▶ DATA SECTION
::::::::::

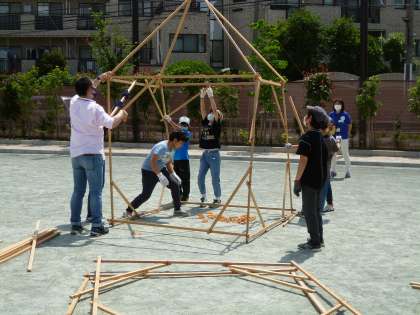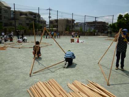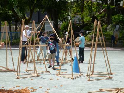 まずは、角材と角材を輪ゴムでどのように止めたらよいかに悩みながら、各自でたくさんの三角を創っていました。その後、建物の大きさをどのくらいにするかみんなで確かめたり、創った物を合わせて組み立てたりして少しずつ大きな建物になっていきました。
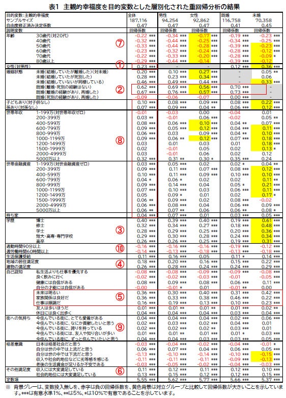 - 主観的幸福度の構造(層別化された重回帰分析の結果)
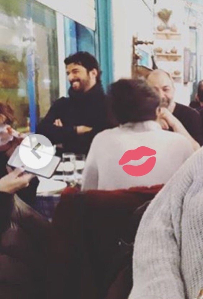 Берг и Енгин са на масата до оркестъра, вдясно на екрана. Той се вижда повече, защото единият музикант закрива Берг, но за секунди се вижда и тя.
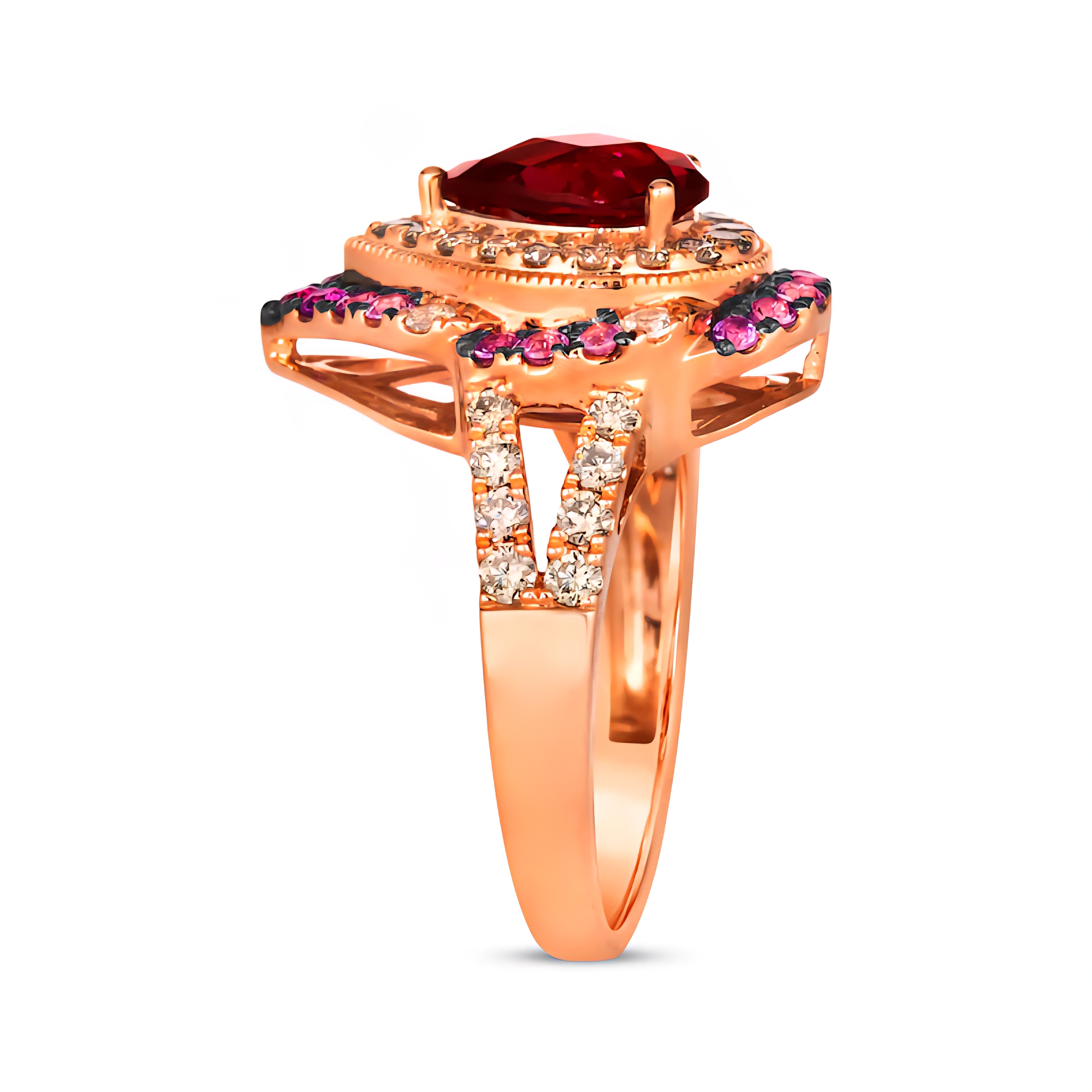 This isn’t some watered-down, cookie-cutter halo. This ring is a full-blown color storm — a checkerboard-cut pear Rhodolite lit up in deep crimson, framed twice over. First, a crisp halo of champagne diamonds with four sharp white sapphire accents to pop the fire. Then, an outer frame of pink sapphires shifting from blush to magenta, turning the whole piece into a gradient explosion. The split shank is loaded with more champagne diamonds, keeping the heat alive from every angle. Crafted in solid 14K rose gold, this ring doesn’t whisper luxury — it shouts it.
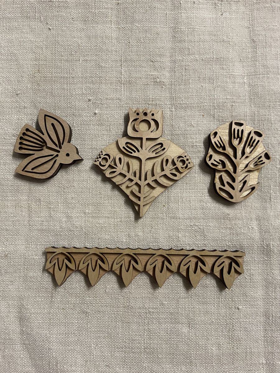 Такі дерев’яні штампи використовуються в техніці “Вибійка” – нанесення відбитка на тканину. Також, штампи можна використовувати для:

::::::::::

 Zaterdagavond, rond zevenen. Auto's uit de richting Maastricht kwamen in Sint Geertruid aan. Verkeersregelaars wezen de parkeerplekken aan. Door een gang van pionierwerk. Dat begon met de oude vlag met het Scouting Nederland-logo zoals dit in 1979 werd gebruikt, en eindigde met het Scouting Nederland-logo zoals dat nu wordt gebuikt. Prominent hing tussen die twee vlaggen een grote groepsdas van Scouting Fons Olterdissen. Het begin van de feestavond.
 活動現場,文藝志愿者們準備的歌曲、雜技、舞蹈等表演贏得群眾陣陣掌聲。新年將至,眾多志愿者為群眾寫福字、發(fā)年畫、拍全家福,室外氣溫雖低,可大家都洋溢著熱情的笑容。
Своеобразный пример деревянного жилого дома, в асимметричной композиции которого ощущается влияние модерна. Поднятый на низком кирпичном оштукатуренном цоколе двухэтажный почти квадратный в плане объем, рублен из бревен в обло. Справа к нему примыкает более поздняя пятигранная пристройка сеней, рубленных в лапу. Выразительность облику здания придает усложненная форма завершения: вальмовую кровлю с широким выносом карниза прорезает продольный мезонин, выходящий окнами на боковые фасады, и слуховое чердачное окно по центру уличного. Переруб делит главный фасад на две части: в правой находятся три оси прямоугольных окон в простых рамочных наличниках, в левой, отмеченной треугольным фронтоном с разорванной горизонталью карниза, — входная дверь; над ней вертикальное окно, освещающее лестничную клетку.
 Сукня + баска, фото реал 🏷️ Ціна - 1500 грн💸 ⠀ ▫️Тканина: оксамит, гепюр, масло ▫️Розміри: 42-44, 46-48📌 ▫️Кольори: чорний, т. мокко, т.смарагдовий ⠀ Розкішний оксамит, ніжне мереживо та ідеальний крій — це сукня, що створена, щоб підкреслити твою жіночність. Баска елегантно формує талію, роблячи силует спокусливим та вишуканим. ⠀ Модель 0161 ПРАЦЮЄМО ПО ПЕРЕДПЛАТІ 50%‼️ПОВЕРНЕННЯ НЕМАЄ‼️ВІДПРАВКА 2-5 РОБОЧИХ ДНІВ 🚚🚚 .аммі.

::::::::::

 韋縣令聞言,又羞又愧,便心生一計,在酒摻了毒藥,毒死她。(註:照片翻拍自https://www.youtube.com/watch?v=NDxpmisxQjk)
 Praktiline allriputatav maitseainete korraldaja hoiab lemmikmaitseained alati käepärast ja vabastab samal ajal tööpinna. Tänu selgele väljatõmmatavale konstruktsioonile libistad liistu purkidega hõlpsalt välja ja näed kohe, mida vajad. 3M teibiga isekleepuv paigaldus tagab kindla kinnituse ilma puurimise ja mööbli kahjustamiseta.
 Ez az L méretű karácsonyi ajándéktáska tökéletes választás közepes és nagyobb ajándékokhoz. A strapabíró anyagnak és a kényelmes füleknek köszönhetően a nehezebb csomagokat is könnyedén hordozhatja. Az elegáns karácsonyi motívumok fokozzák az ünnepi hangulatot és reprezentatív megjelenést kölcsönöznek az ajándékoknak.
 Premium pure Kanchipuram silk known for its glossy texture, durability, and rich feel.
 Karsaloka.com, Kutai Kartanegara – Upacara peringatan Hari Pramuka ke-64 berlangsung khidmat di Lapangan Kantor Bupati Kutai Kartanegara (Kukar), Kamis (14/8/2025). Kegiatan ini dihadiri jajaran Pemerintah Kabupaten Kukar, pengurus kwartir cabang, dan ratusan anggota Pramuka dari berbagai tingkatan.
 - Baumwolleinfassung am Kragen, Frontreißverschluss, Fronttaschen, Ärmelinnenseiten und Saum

::::::::::

Range to copy from the listing above: the line containing "まずは、角材と角材を輪ゴムで" down to the line containing "Берг и Енгин", both included. Reproduce it exactly, minus the pictures, and add nothing.

▶ SOLVED EXERCISE
 まずは、角材と角材を輪ゴムでどのように止めたらよいかに悩みながら、各自でたくさんの三角を創っていました。その後、建物の大きさをどのくらいにするかみんなで確かめたり、創った物を合わせて組み立てたりして少しずつ大きな建物になっていきました。
 - 主観的幸福度の構造(層別化された重回帰分析の結果)
 Берг и Енгин са на масата до оркестъра, вдясно на екрана. Той се вижда повече, защото единият музикант закрива Берг, но за секунди се вижда и тя.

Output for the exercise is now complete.